Problem: With so many conflicting claims being made regarding complementary therapies, how do doctors at these institutions decide which to recommend to the patients they treat? At the world-renowned Mayo Clinic, the following four criteria are used…
Is it safe? If a complementary treatment is completely safe, then it may be worth trying, even if its effectiveness has not been proven definitively by scientific studies.
Is it standardized? Herbs and dietary supplements are subject to limited regulatory oversight by the FDA. Therefore, these products frequently are not standardized to contain a consistent level of ingredients, potency and purity. Some herbs and dietary supplements do provide benefits, but you should work closely with a knowledgeable doctor when using them.
Does it meet a need that cannot be met by conventional medicine? When it comes to stress, for example, conventional medicine includes treatments, such as anti-anxiety drugs or antidepressants, that potentially can help people. But such medications often have side effects and may not be suitable for long-term use. Complementary therapies, such as yoga, massage and meditation, can help relieve stress without the risk for serious side effects.
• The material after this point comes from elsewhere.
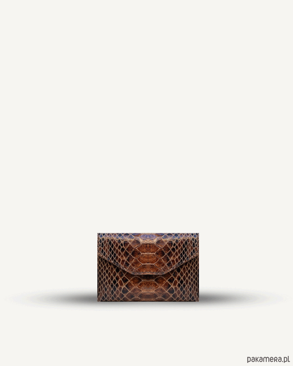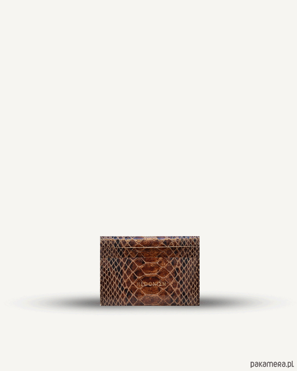 Cardholder ze skóry tłoczonej na wzór węża dostępnej w dwóch kolorach, w połysku z wyczuwalną łuską. Trzy przegródki na karty, gdzie łącznie zmieści się nawet 10 kart. Jedna kieszeń na froncie i dwie kieszenie w przegrodzie zapinanej na nap, co uchroni je przed wysunięciem lub kradzieżą. Napa obciągnięta skórą w tym samym kolorze.
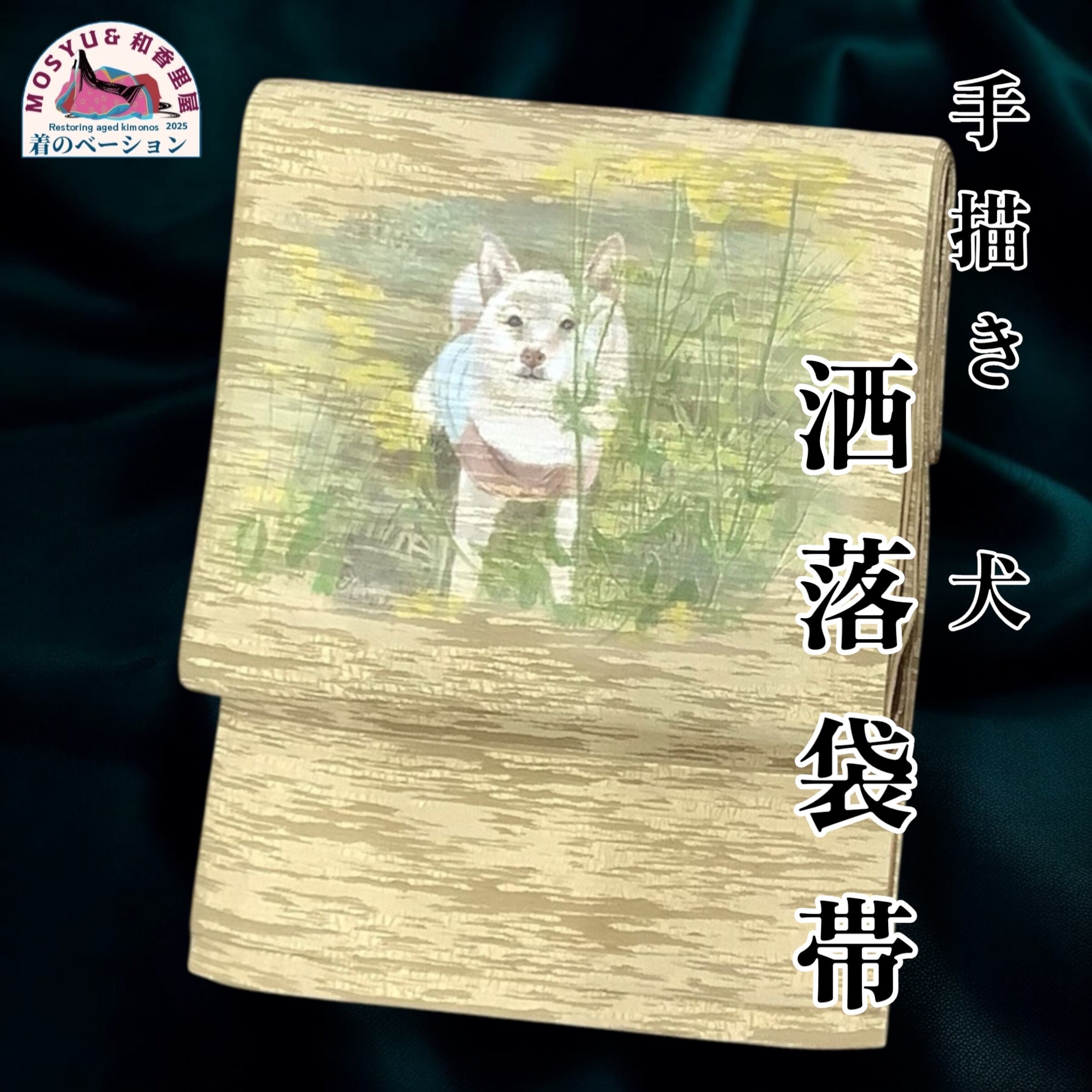 リユースの袋帯に絵を足す事で、新たな手描き帯としました。

Does it positively affect not only patients, but also those with whom they interact? The calming influence of several complementary treatments, such as meditation and music therapy, promotes a feeling of relaxation and well-being that helps bring harmony to one’s interactions with family and friends. Positive, supportive relationships, in turn, are believed to help speed recovery from many types of illness.
Here is an alphabetical listing of Mayo Clinic’s top 10 complementary treatments — and the research that supports their use…
BEST TREATMENTS
1. Acupuncture. In this treatment from traditional Chinese medicine, acupuncturists insert thin needles into strategic, energy-balancing points on the body. Acupuncture can prevent and treat nausea and vomiting and help relieve many types of pain, including that from osteoarthritis, low back pain, neck pain, headaches and postsurgical pain. Patients who receive acupuncture typically receive up to 12 treatments, usually given once or twice a week.
Standout scientific evidence: German researchers tracked more than 3,000 patients with hip or knee osteoarthritis and found that those receiving acupuncture experienced significantly more pain relief than those who did not receive acupuncture treatments.
2. Guided imagery. Patients imagine a beautiful, soothing environment, such as a warm beach. Guided imagery, also referred to as visualization, helps reduce anxiety in patients who become claustrophobic during magnetic resonance imaging (MRI) scans, who are having outpatient surgery without general anesthesia or who have been diagnosed with a life-threatening disease, such as cancer.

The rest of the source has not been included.